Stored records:
== == ==
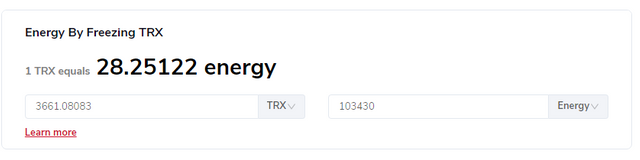 103430 = 11301 + 92129. - 저정도 에너지를 동결로 얻으려면 최소 TRX 3662가 필요함.
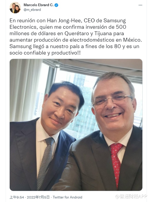 智通财经APP获悉,7月5日,墨西哥外交部长Marcelo Ebrard在推特上表示,三星电子计划向墨西哥投资5亿美元,以扩大墨西哥的家电生产。
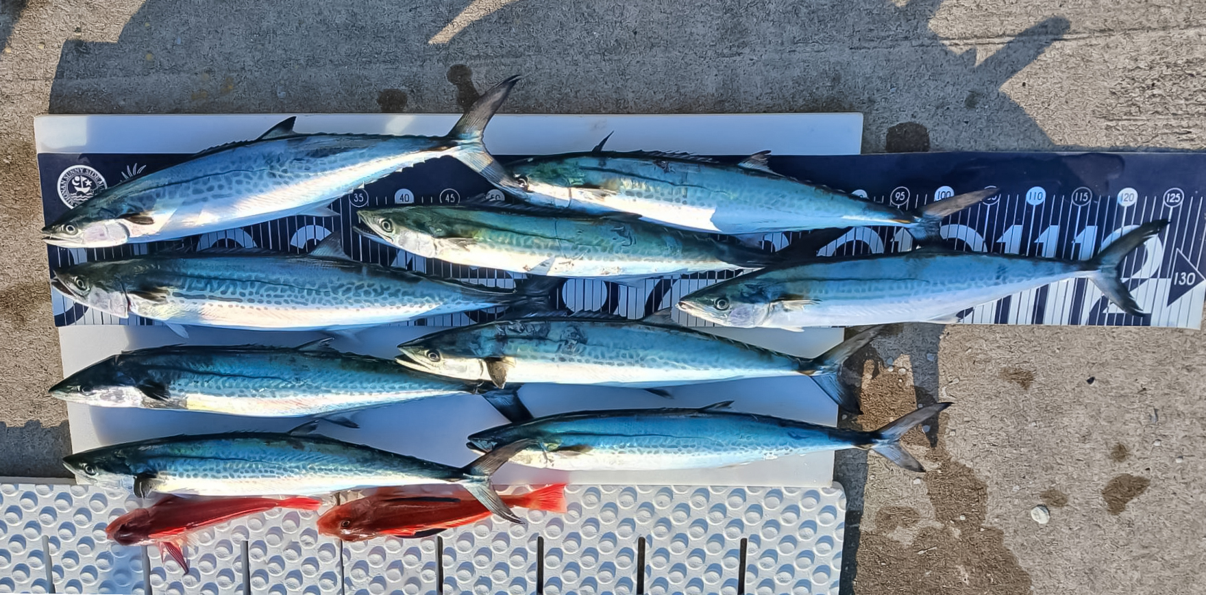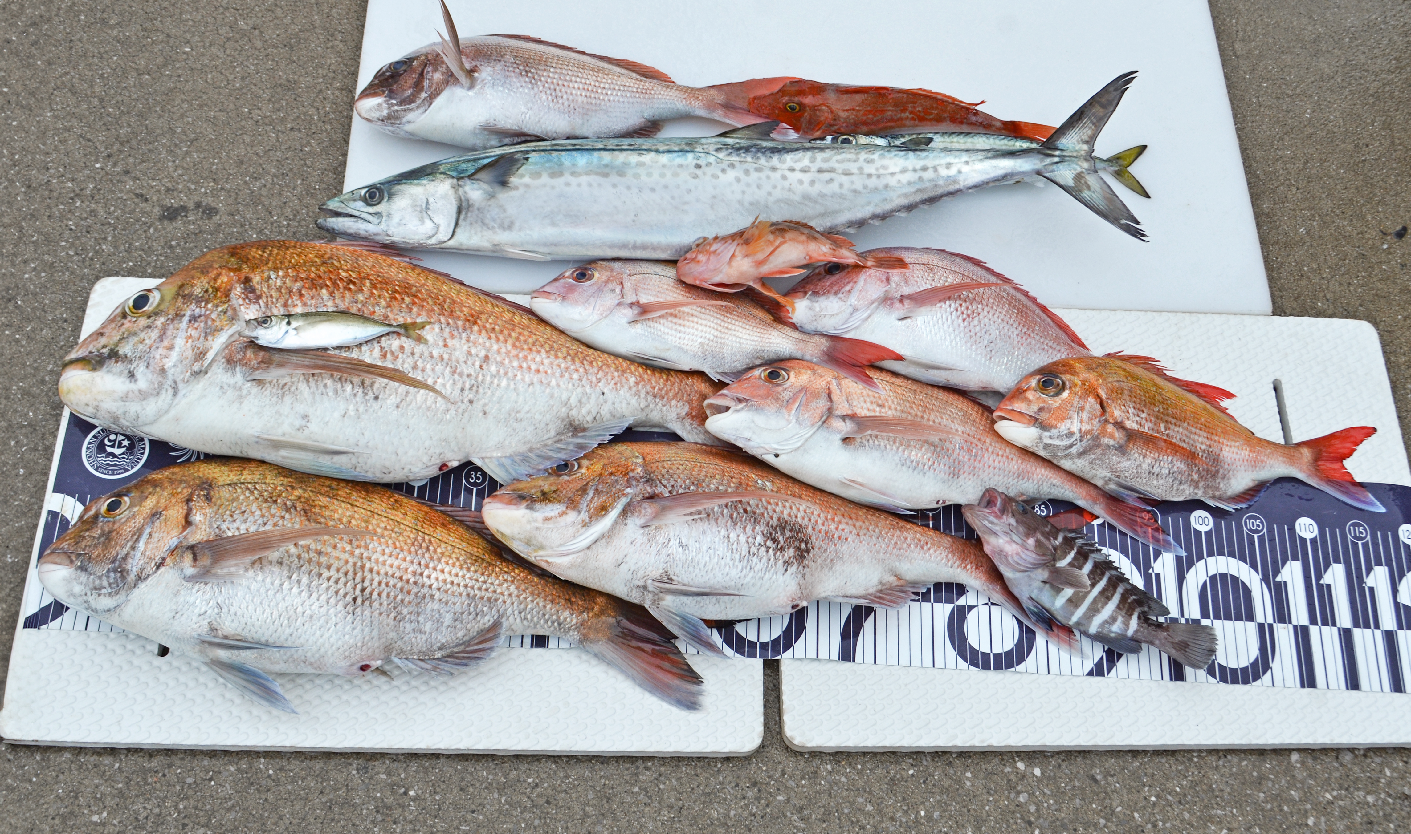 サワラは浦賀水道航路の第4ブイ北側、マダイ(小)は浦賀沖の水深40mくらいだったそう。
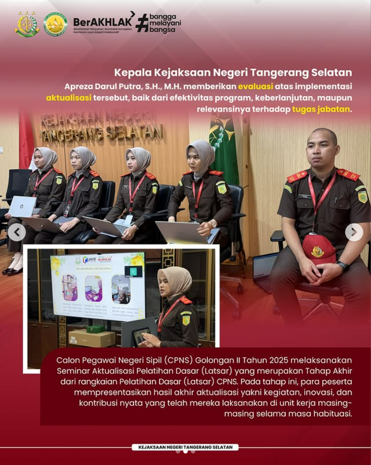 Kepala Kejaksaan Negeri Tangerang Selatan, Apreza Darul Putra, S.H., M.H. memberikan evaluasi atas implementasi aktualisasi tersebut, baik dari efektivitas program, keberlanjutan, maupun relevansinya terhadap tugas jabatan.
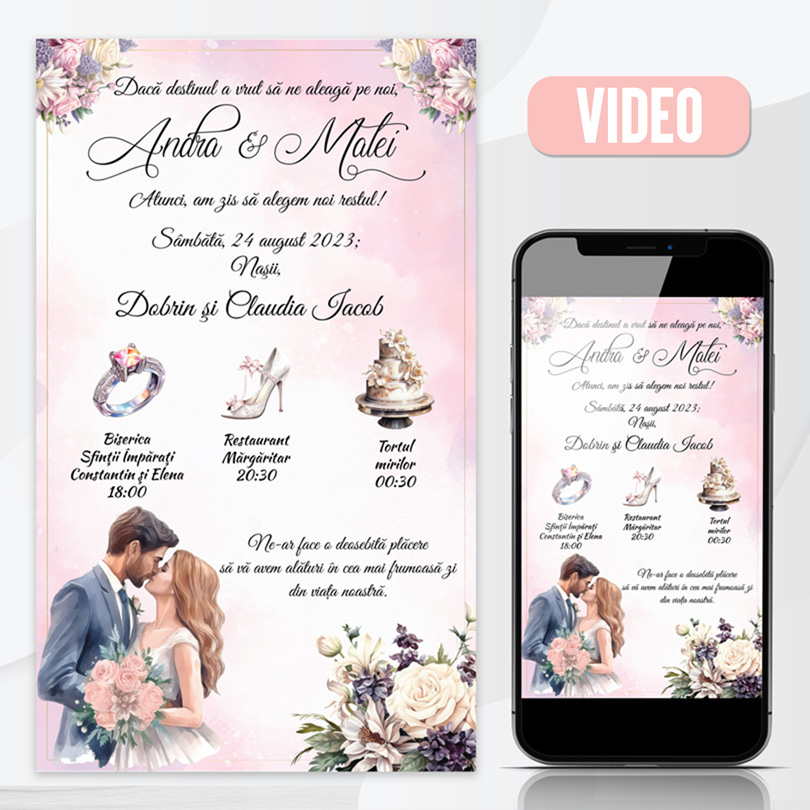 Invitatie digitala nunta cu Flori şi Miri, cu 3 poze, livrare rapidă
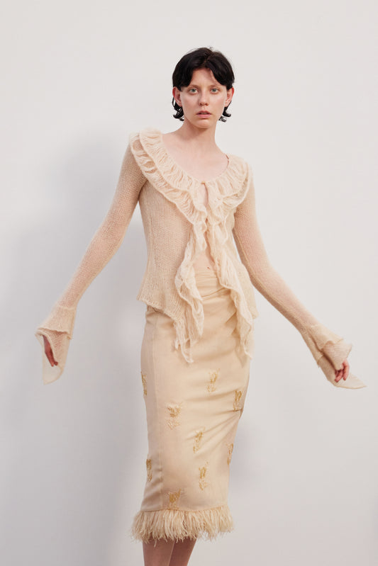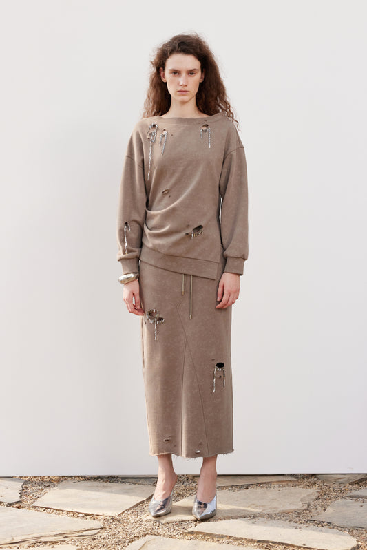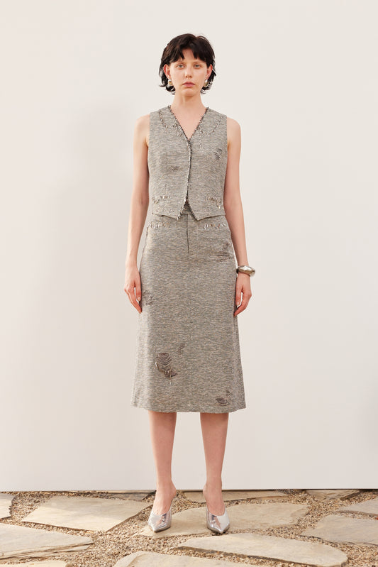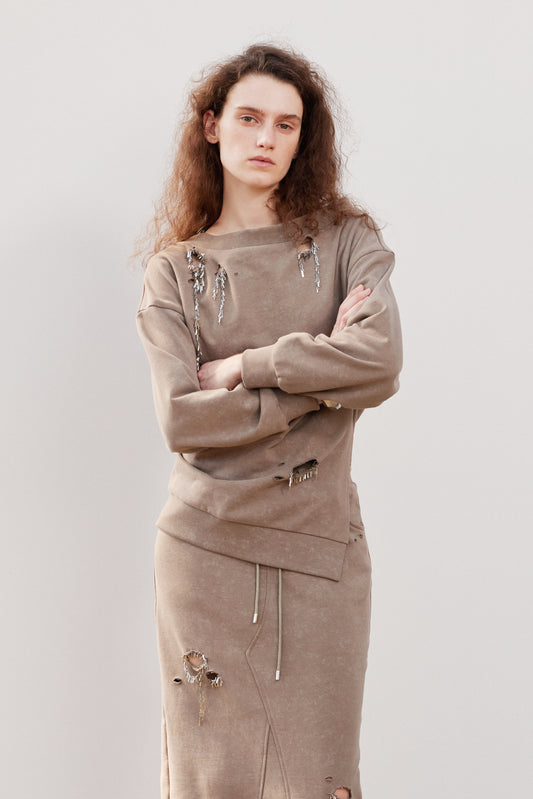 Product Description:Metal fiber blended fabric, hand-worn, with irregular hand-sewn metal chain decoration, creates a variety...
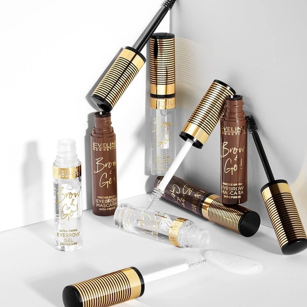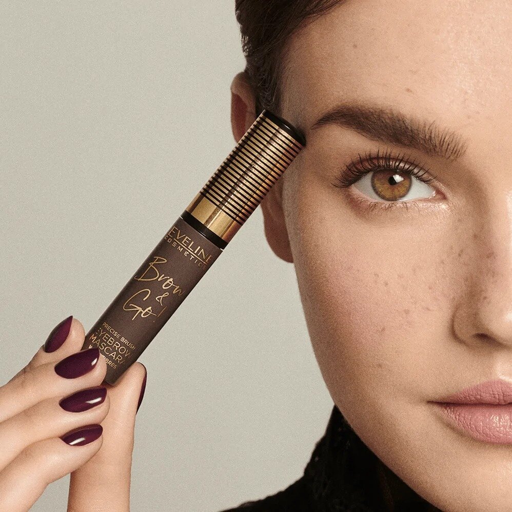 Eveline Brow Go 01 Тушь стойкая для бровей с микрофиброй, тон 01 medium brown, 6 мл
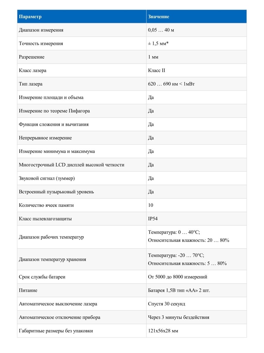 *При неблагоприятных условиях измерения (слишком яркое естественное освещение, слишком низкий или высокий коэффициент отражения поверхности в конечной точке) погрешность может увеличиться!
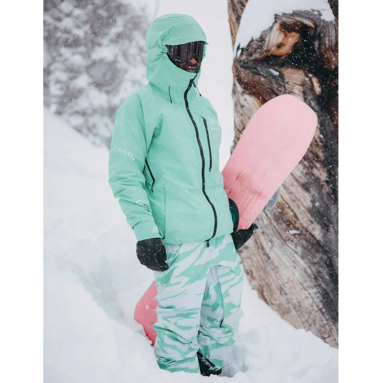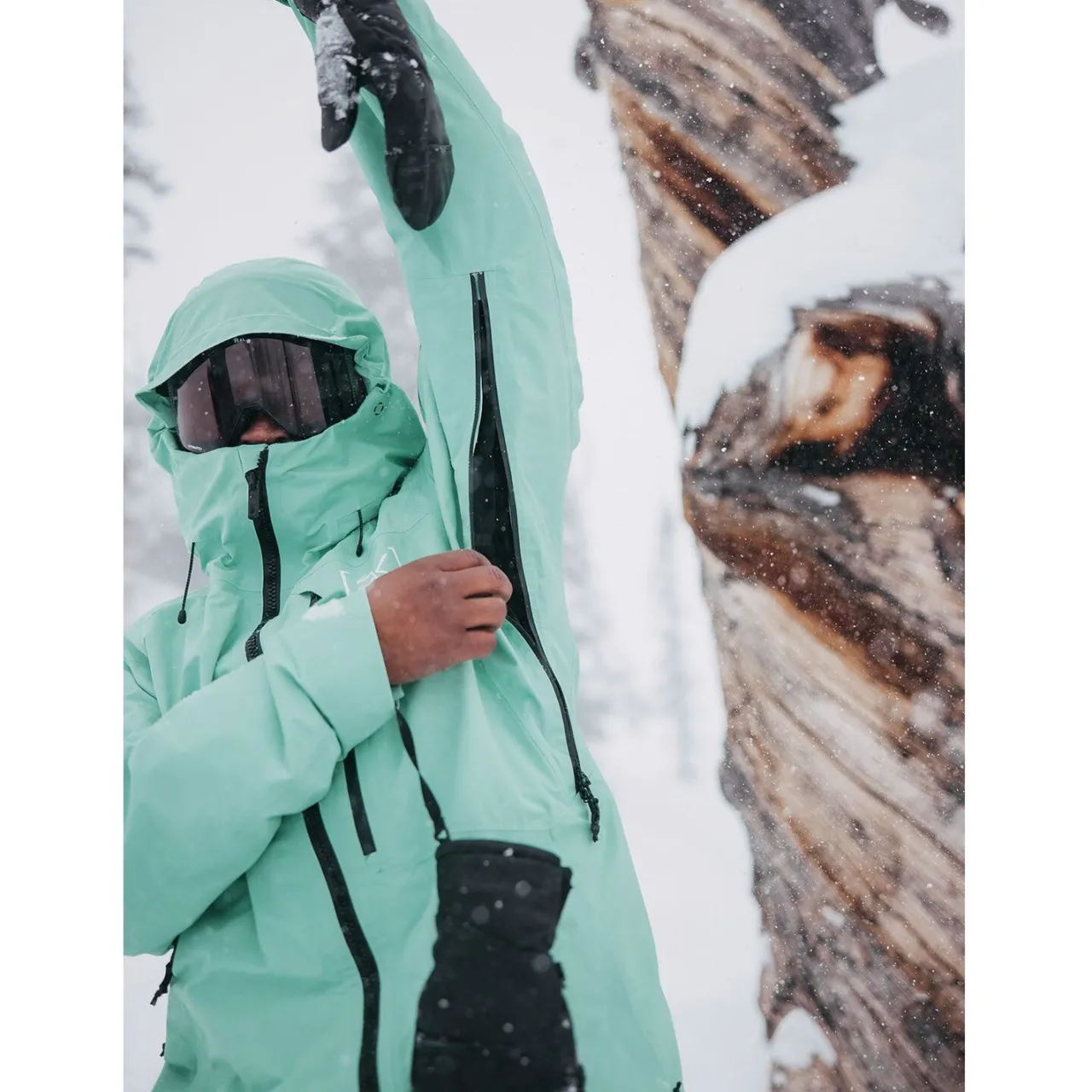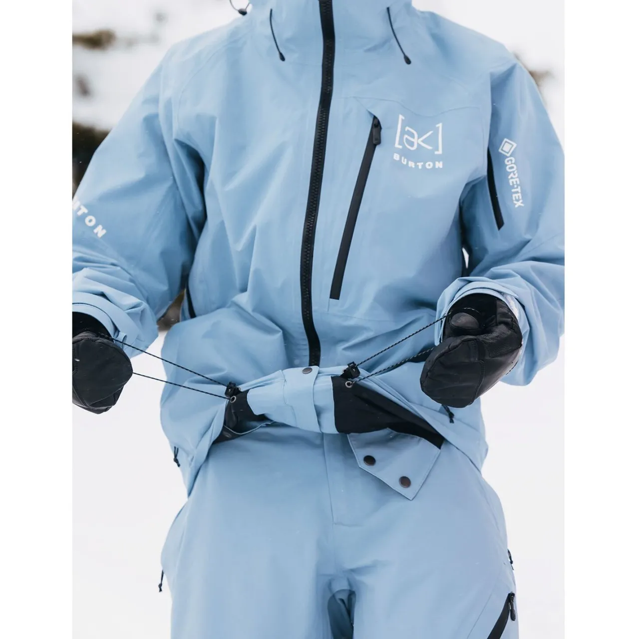 Ergonomic Water-Repellent Zip-Out Stretch Waist Gaiter with Jacket to Pant Interface–        Engineered for the movements of snowboarding, this ergonomic waist gaiter seals out snow and cold like never before, and is removable for customizing performance. The longer back creates an ergonomic fit, articulating with your body for an interface that stays locked in all day long.
== == ==
# Exercise instructions
Say again, word for word, the lines beginning at the top of the data and ending with the line that has "погрешность может увеличиться!". Skip the pictures.

# Problem solution
 103430 = 11301 + 92129. - 저정도 에너지를 동결로 얻으려면 최소 TRX 3662가 필요함.
 智通财经APP获悉,7月5日,墨西哥外交部长Marcelo Ebrard在推特上表示,三星电子计划向墨西哥投资5亿美元,以扩大墨西哥的家电生产。
 サワラは浦賀水道航路の第4ブイ北側、マダイ(小)は浦賀沖の水深40mくらいだったそう。
 Kepala Kejaksaan Negeri Tangerang Selatan, Apreza Darul Putra, S.H., M.H. memberikan evaluasi atas implementasi aktualisasi tersebut, baik dari efektivitas program, keberlanjutan, maupun relevansinya terhadap tugas jabatan.
 Invitatie digitala nunta cu Flori şi Miri, cu 3 poze, livrare rapidă
 Product Description:Metal fiber blended fabric, hand-worn, with irregular hand-sewn metal chain decoration, creates a variety...
 Eveline Brow Go 01 Тушь стойкая для бровей с микрофиброй, тон 01 medium brown, 6 мл
 *При неблагоприятных условиях измерения (слишком яркое естественное освещение, слишком низкий или высокий коэффициент отражения поверхности в конечной точке) погрешность может увеличиться!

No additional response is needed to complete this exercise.